Sunday, August 29, 2010
I have become terribly important to her as she desperately tries to maintain her independence fearful of being a burden on anyone. What a dilemma! I want to always be available to help her out when needed and yet losing myself to her every whim really isn't healthy for me, which ultimately won't be the best for her either. I get stressed beyond measure as I shirk my 'real job' to help out a neighbor. She, in turn, has to put up with my attitude silently because her usual means of defense is a very aggressive tongue which she can't use as she can't afford to alienate me. How mean spirited of me and how humiliating to her. I guess this is exactly what is meant by the expression 'as cold a charity'.

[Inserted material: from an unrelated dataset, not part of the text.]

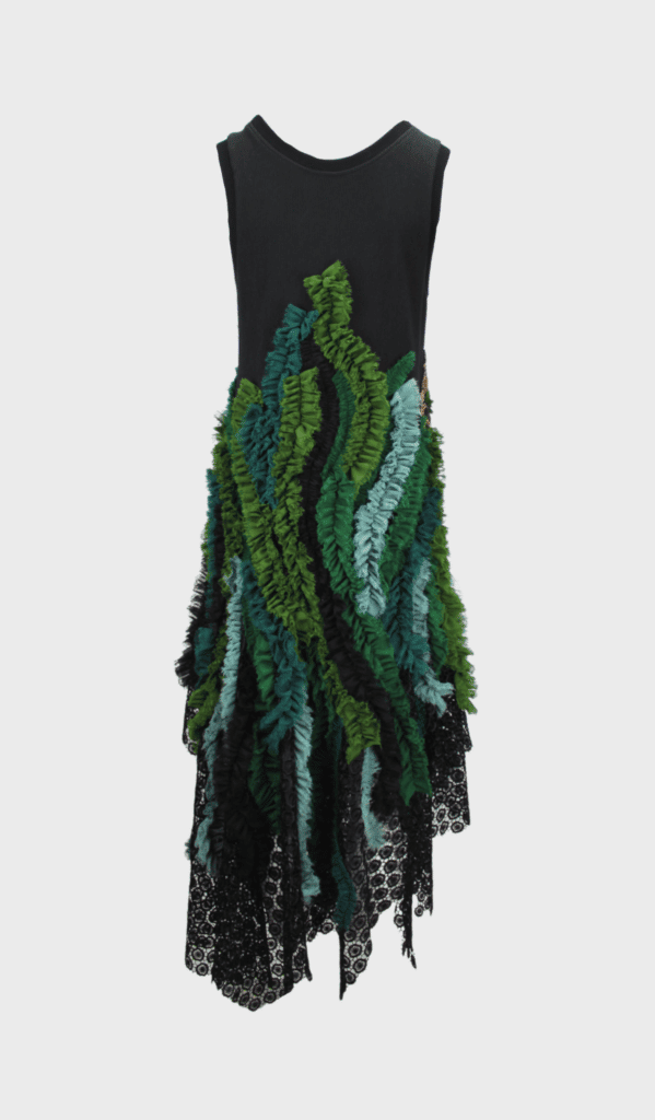 The gold work embroidery goes over in ruffled chiffon in shades of green and black. The green ruffles come in olive green, sage green, moss green, and petrol. They give an organic feel to this unique handmade dress. The raw edge chiffon is reminiscent of seaweed, coming from the inspiration of our Siren concept. We set the ruffles on a black lace base. This dress is asymmetrical. It is shorter on the sides, and longer on the front and in the back.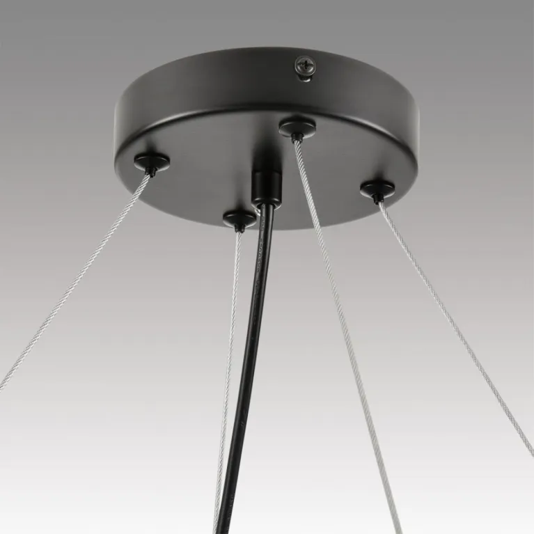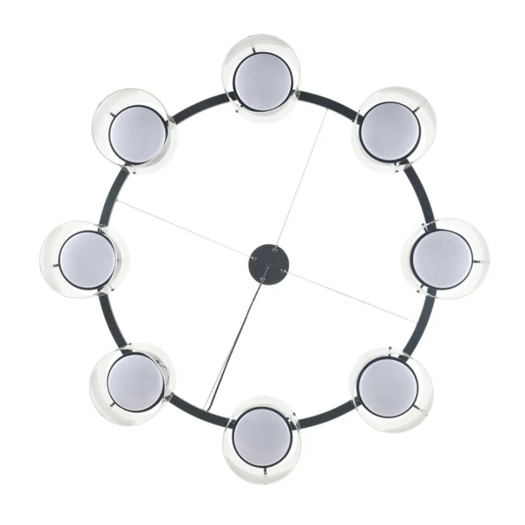 Преобладающий цвет плафонов: Прозрачный, арматуры: Черный; материал изготовления арматуры: Металл, размеры, мм: / высота 620 / диаметр 850. Общая мощность – 80 Ватт, а максимальная площадь освещения до 16 м2. Основной тип ламп, предусмотренный производителем: Светодиодная с цоколем GX70. В зависимости от предпочтений можно использовать лампы теплового, холодного или нейтрального света, за исключением люстр с типом цоколя LED.

I was pondering this situation today as I walked her property checking for areas the need attention. I couldn't help but think in a heart centered world all of this old lady's neighbors would be looking in on her and valuing her for her wisdom, her stories, her contributions to the world and she would feel valued and wouldn't laser people with her tongue - er, well, perhaps not as often! So, that has to start with me. How can I help her live her life with dignity? It's very easy for me to say that she isn't my problem and no-one could blame me for staying on my side of the fence, but that isn't an option for me. We are all brothers and sisters. If one of us is cut we all bleed. As I prayed for coping skills and boundary reinforcements I noticed these ceramic doves my neighbor has attached to her palm trees. Universal symbols of peace? Perhaps my prayers were heard after all? We'll see.